Deaf interpreters are often used in the USA and the UK, as their delivery of signed language is considered more culturally and linguistically relevant to Deaf viewers. Deaf interpreters may work off a teleprompter displaying English text (sight translating), or more commonly are ‘fed’ information visually by a signed language interpreter who can hear.
Each of the state-based service organisations has committed to supporting the participation of interpreters from their state in the training course, and in early 2017, three interpreters (two Auslan<>English and one Deaf) from each state completed the course.
Improving the ability of the media: guidelines.
Through the interviews and focus group consultations, Deaf and Deafblind individuals reported a lack of access not only to live emergency broadcasts, but also to information televised to the public in relation to emergency situations; in particular, news broadcasts which include commentary additional to that of live media conferences.
The Australian Subscription Television and Radio Association (ASTRA) and FreeTV were consulted on the issue of including Auslan<>English and/or Deaf interpreters in live emergency announcements. Both industry bodies have now amended their notification to broadcasters on their websites to state that:
“Where an Auslan interpreter is present at a news conference or official briefing regarding an emergency, [licensees] will include the Auslan interpreter in frame where it is practicable to do so.”
Contact was also established with the ABC to explore the feasibility of having regular daily news broadcasts include signed interpreting, as occurs in several other countries around the world.
State-of-the-art media equipment used at Monash University to train Auslan>English and Deaf interpreters for natural hazard emergency announcements
English>Auslan interpreter Mark Cave feeding information in Auslan to trainee Deaf interpreters who are practising reformulating it to ensure linguistic and cultural accuracy for Deaf viewers.

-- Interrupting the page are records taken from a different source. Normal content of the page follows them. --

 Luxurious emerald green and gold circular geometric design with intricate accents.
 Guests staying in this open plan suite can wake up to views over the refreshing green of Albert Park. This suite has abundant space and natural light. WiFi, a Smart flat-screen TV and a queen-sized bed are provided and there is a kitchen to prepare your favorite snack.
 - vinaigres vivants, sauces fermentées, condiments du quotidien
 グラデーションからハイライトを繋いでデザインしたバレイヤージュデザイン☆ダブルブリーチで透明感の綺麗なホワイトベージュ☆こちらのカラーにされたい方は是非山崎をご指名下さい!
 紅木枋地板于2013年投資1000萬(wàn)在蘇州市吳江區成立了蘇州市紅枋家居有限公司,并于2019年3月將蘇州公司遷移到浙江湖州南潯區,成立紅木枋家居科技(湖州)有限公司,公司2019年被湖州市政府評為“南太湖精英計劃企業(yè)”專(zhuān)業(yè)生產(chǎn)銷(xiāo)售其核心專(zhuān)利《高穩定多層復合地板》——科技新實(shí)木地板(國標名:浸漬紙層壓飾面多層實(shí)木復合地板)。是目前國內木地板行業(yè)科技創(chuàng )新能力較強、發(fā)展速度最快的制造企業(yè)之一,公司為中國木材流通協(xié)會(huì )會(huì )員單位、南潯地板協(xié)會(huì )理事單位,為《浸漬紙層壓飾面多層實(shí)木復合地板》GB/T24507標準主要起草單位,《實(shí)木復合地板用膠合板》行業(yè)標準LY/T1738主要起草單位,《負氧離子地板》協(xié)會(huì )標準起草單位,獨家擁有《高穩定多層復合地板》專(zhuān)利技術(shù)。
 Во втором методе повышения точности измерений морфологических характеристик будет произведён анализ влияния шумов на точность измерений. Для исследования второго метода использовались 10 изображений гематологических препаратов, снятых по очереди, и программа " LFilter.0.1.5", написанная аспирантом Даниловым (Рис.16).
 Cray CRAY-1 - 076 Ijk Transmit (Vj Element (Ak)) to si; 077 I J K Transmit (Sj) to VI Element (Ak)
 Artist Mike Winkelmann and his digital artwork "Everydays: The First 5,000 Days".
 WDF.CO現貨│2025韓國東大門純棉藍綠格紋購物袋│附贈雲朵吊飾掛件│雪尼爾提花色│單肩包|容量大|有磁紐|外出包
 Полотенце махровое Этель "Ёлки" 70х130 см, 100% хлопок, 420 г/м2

Improving services: procedures and practices
Regarding T&I services, the project recommended that:
- a national specialist team be established to coordinate the translation, production and distribution of material for organisations involved in emergency situations, to be uploaded to social media pages and websites during all phases of natural hazard emergencies
- T&I agencies produce video material in accordance with the Australian Communications Consumer Action Network (ACCAN) guidelines for translating English into Auslan
- emergency and recovery service organisations develop procedures to produce Auslan translations of prepared material, and provide English>Auslan interpreting during the response and recovery stages of emergency situations, including adherence to best practice protocols in the appointment of T/Is to ensure OH&S requirements are met.

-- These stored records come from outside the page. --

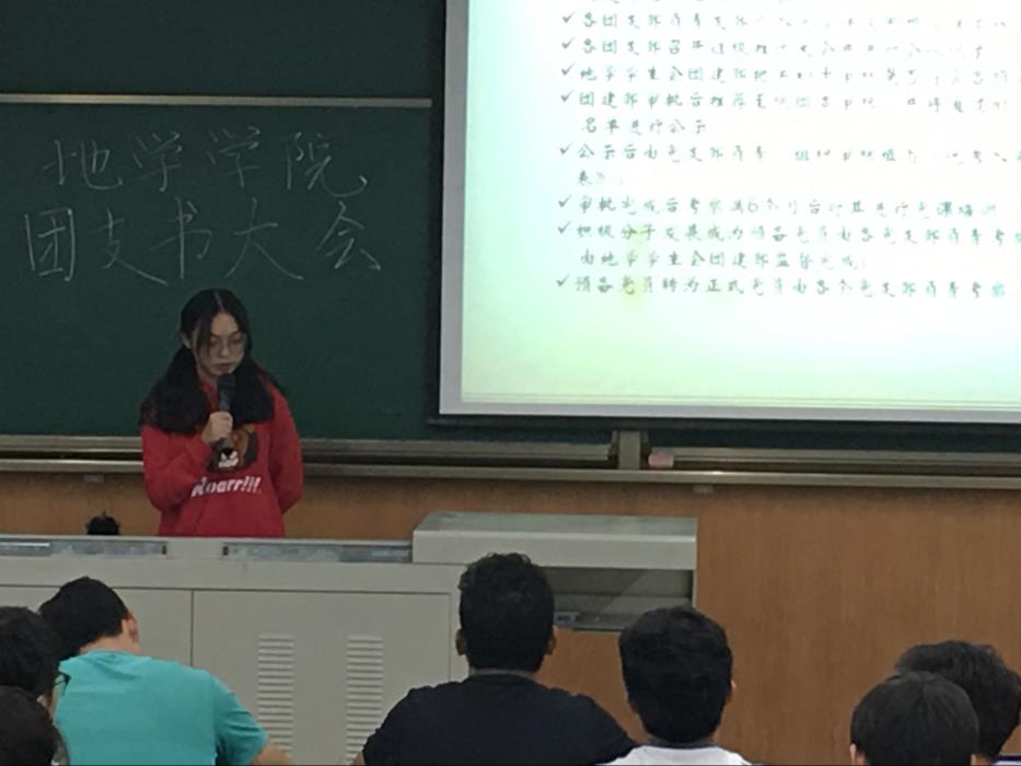 2018年9月20日晚上,地院团建部召开本学期第一次团支书大会。团建部全体成员及大一、大二、大三各班团支书参加会议。会议由团建部部长韩奕菲主持。
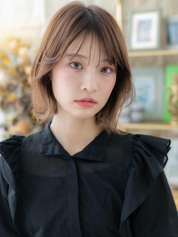 くせ毛風,ゆるふわ,ふわミディ,耳かけ,前下がり,ウェットヘア,大人かわいい,斜めバング,厚めバング,アシンメトリー,小顔,ナチュラルボブ,フェミニンボブ,大人ボブ,前下がりボブ,切りっぱなしボブ,ミニボブ,かきあげ前髪
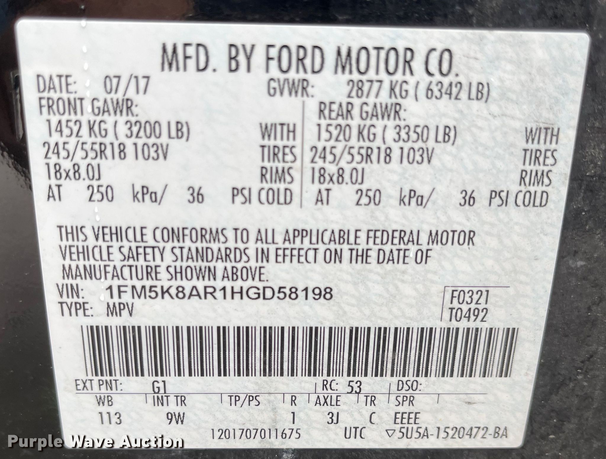 2017 Ford Explorer Police Interceptor SUV. Miles: 150,009 on odometer, VIN: 1FM5K8AR1HGD58198. Engine Displacement: 3.7L V6 DOHC, Cylinders: 6, Fuel type: Gas. Transmission Automatic, All wheel drive. Interior AC, Heat, Seat: Power driver, Power windows, Power locks, Cruise control, Backup camera. Tires Size: 245/55R18. Notes Interior partially disassembled Parts may be missing, Dash warning indicator: TPMS. Kansas title. Title distribution may be delayed up to 14 days from verification of funds. City of Lenexa. 7700 Cottonwood St. Lenexa, KS 66216
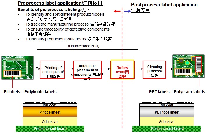 特种条码标签在PCBA,FPC的回流炉及波峰焊的制造工艺中的解决方案

The national guidelines, strategies and resources developed by the project were combined with related projects carried out in Victoria, Queensland and New South Wales to compile the National Auslan Communications for Emergencies website: www.auslanemergency.com.au
The site includes up-to-date and accessible Auslan and English language emergency-related resources for Deaf, Deafblind and hard of hearing Australians; state-based information on Auslan<>English interpreters; and best practice guidelines and training strategy resources for use by television broadcasters and emergency service organisations.

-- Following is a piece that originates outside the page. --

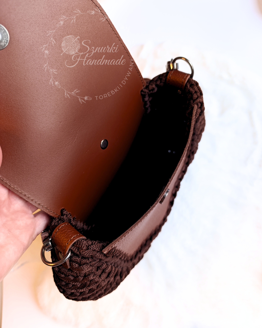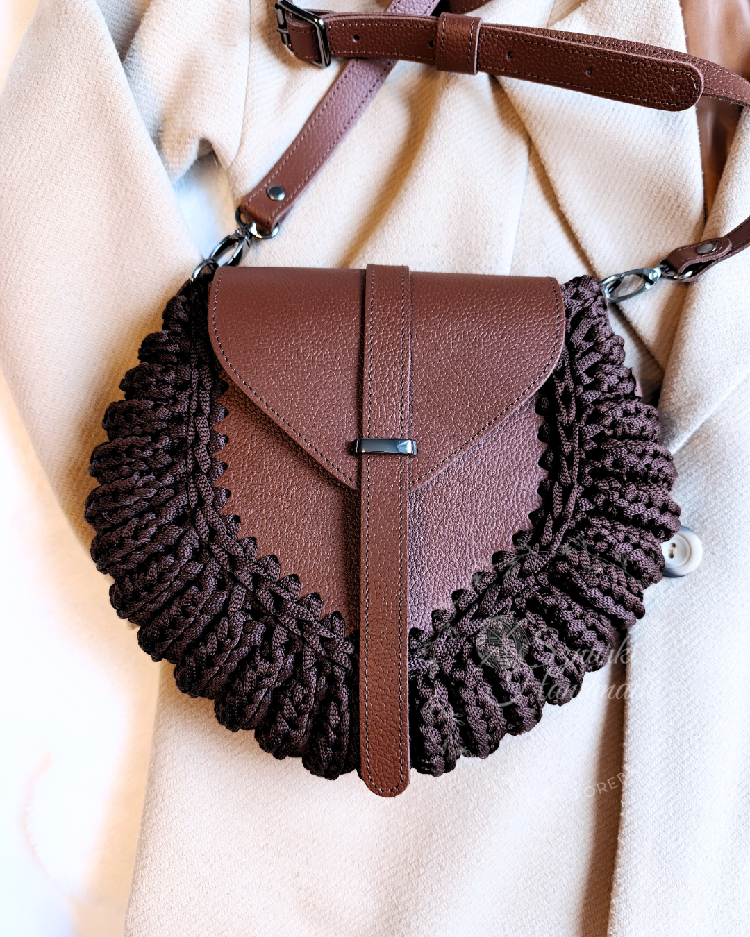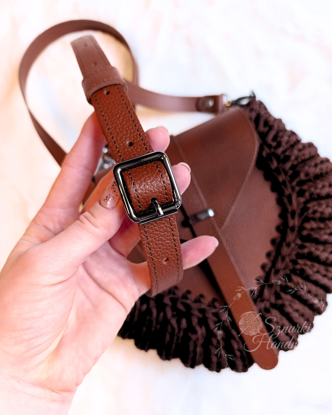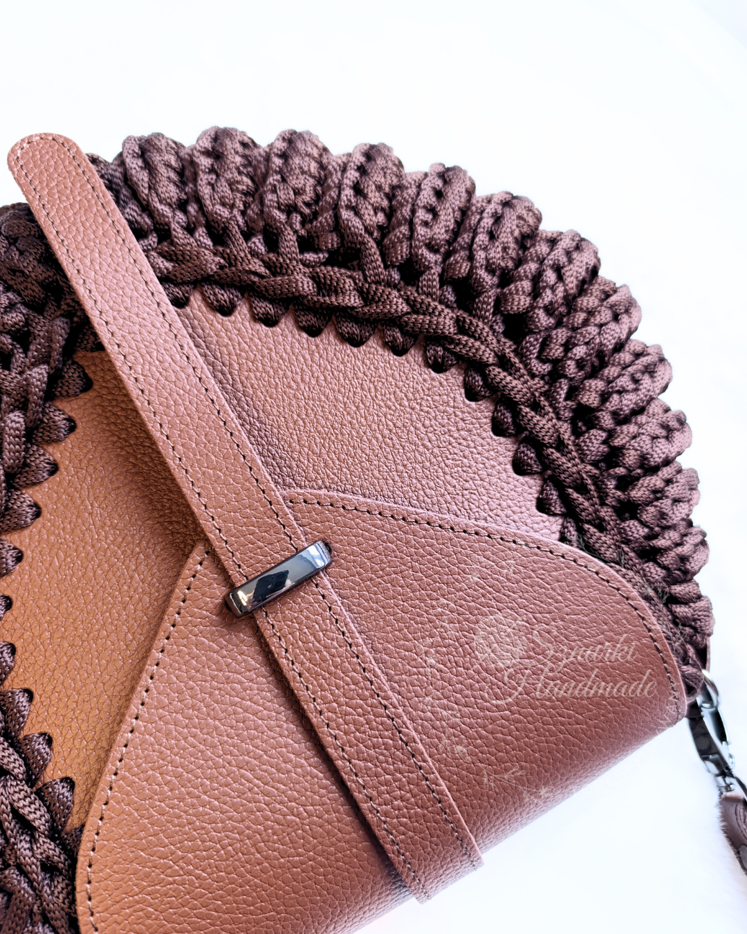 Model ręcznie szydełkowany, z elementami ze skóry naturalnej.

Julie Judd is a practising English>Auslan conference interpreter with over 30 years’ experience in the field. She holds a Bachelor of Education in LOTE (Auslan) from La Trobe University and an MA in Auslan-English Interpreting from Macquarie University, and has trained in diagnostic performance analysis (interpreting) with Northern Colorado University. In addition to coordinating the National Auslan Communication for Emergencies Project in 2017, Julie has delivered workshops and reflective practice training sessions to T/Is nationwide. Julie is currently chair of ASLIA (the Australian Sign Language Interpreters’ Association) and vice president of ASLIA Victoria.